Twitter JSON is processed to extract text, hashtags, and data structures relating the two.
For each hashtag, GLoVE embeddings are averaged together to form tweet embeddings and then hashtag embeddings from averaging tweets together. These tweet embeddings are then used as inputs for a fully-connected neural network. The network response is fed through a softmax classifier and euclidean distance (l2) is used as the loss function. For hashtag prediction, sentence embeddings are calculated in the same way by averaging word vectors together, then they are fed through the neural network and the predicted vectors are searched in our calculated hashtag embeddings using nearest neighbor.
This project targets python 3.6.0, tensorflow 1.0.1
Executing python main.py --help
shows the available arguments. By default, 100,000 tweets
are extracted from the JSON file, zero hashtags are printed out, and 50 are embedded. The default
test file is assumed to be cache-0.json
from the Twitter 2012 election dataset located at
../data/twitter-nlp/json/cache-0.json
. Other parameters, such as the GloVe embedding dimension
for the baseline hashtag prediction model and the embedding file are specified within main.py
.
Currently, tweet and hashtag embeddings are created with the Embedder and then trained with the
Baseline Model. Afterwards, tweets are loaded into the hybrid VAE model.
utils.twitter_download
contains a client for Tweepy. This allows
custom Twitter datasets to be downloaded given a username and a count. There is an API limit of 200
tweets per request, but this tool provides a recursive solution around this that maxes out
the assigned Twitter API account's download limit.
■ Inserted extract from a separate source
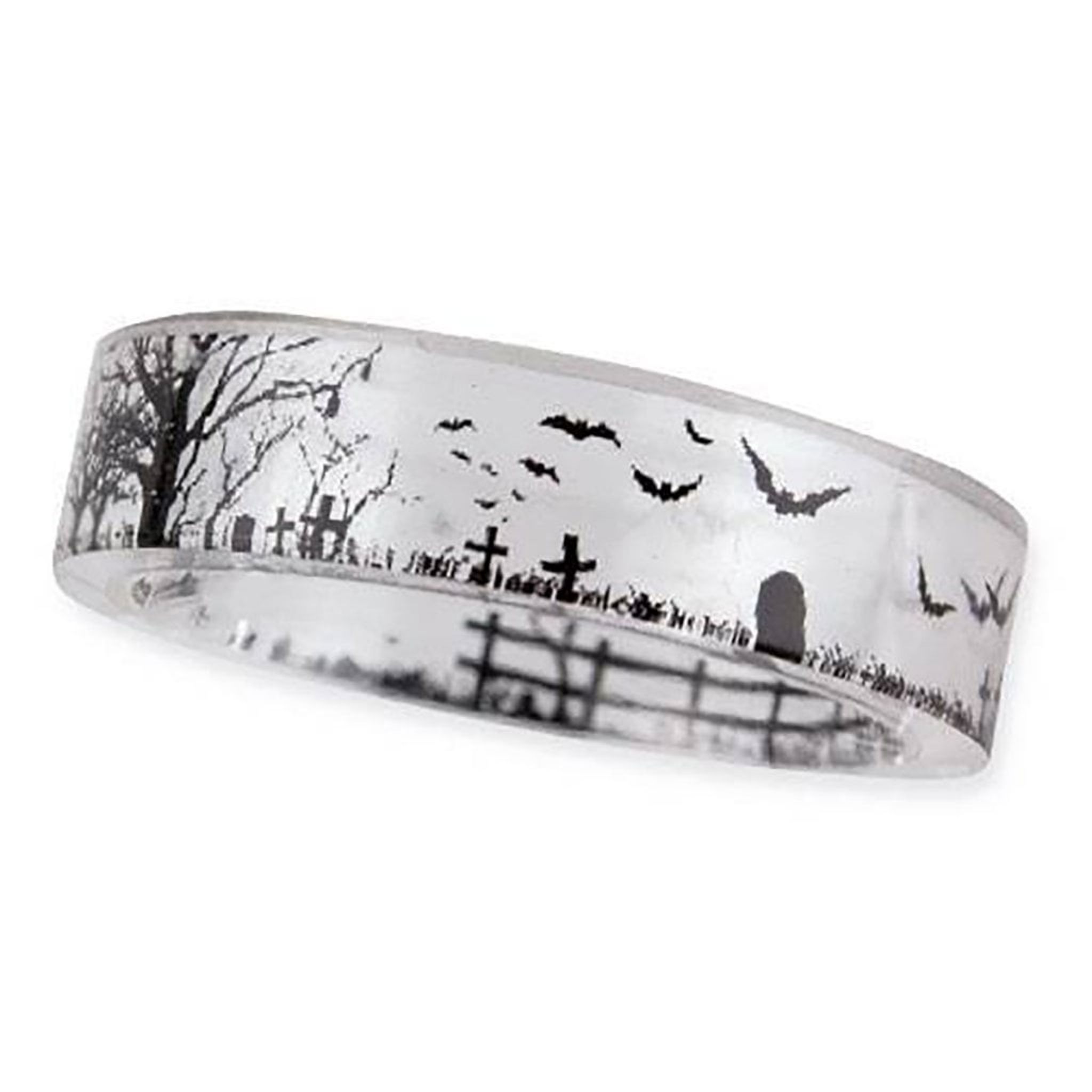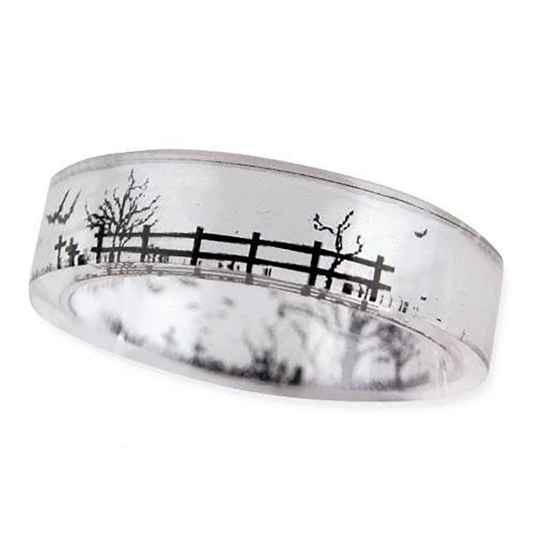 På denna ring syns konturerna av en kolsvart kyrkogård med gravstenar och fladdermöss som svärmar i natten.

If being used outside of this project, the authentication keys should be replaced with new ones from Twitter.
from utils.twitter_download import Tweepy_Client
#default args (do not use outside of this project!)
client = Tweepy_Client()
#custom authentication keys
client = Tweepy_Client(con_key=" ",
con_sec=" ",
acc_tok=" ",
acc_sec=" ")
client.retrieve("sundarpichai", 500)
#raw json is contained in client.tweets
print(client.tweets)